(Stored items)
++++++
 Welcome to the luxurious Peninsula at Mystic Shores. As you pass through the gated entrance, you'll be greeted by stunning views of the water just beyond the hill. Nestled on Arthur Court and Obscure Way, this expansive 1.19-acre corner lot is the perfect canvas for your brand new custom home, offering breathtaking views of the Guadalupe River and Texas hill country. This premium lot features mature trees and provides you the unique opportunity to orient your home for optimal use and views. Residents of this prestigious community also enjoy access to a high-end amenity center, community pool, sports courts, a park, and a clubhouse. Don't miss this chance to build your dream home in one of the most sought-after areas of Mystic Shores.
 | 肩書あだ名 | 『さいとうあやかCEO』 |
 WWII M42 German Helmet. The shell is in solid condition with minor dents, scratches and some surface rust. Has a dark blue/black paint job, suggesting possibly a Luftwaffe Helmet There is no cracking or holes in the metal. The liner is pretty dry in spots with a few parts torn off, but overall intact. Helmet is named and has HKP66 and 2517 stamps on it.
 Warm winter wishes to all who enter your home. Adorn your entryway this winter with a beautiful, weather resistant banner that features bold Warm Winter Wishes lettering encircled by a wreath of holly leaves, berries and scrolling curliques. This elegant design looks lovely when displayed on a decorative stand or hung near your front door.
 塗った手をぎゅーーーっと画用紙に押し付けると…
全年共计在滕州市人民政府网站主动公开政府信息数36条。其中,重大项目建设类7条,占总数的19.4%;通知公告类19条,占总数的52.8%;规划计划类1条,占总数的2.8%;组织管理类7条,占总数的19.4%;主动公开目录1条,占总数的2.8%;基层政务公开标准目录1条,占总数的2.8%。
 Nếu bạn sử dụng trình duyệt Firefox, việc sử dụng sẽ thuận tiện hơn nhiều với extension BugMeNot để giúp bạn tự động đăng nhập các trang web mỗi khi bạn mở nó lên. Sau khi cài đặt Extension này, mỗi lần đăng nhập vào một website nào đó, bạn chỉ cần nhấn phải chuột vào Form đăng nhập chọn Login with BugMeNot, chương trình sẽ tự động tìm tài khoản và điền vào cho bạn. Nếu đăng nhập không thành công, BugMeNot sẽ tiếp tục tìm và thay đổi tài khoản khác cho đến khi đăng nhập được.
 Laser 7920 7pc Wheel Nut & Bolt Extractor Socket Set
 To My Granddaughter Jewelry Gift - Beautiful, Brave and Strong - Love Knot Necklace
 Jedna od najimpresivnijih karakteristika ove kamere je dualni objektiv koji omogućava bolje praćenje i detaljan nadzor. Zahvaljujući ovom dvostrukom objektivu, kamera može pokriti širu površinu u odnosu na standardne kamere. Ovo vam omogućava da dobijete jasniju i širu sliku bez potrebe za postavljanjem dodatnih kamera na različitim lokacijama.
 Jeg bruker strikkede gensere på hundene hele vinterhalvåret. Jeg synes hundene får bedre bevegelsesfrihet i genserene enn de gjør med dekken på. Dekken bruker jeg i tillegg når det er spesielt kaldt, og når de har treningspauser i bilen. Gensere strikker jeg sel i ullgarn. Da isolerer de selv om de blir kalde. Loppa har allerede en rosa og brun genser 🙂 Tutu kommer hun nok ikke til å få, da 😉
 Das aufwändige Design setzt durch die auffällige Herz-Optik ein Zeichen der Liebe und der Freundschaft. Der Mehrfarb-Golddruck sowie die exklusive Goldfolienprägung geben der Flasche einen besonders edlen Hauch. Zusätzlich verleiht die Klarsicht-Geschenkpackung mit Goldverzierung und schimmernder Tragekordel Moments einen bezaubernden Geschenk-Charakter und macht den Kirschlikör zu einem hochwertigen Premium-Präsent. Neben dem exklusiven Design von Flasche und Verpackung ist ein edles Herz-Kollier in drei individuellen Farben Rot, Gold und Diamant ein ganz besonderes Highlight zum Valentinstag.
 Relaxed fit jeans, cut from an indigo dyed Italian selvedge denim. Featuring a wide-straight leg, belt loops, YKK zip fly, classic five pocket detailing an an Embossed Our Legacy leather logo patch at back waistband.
++++++
Restate word for word only the lines running from the beginning of the data to the line holding "WWII M42 German", both included.

 Welcome to the luxurious Peninsula at Mystic Shores. As you pass through the gated entrance, you'll be greeted by stunning views of the water just beyond the hill. Nestled on Arthur Court and Obscure Way, this expansive 1.19-acre corner lot is the perfect canvas for your brand new custom home, offering breathtaking views of the Guadalupe River and Texas hill country. This premium lot features mature trees and provides you the unique opportunity to orient your home for optimal use and views. Residents of this prestigious community also enjoy access to a high-end amenity center, community pool, sports courts, a park, and a clubhouse. Don't miss this chance to build your dream home in one of the most sought-after areas of Mystic Shores.
 | 肩書あだ名 | 『さいとうあやかCEO』 |
 WWII M42 German Helmet. The shell is in solid condition with minor dents, scratches and some surface rust. Has a dark blue/black paint job, suggesting possibly a Luftwaffe Helmet There is no cracking or holes in the metal. The liner is pretty dry in spots with a few parts torn off, but overall intact. Helmet is named and has HKP66 and 2517 stamps on it.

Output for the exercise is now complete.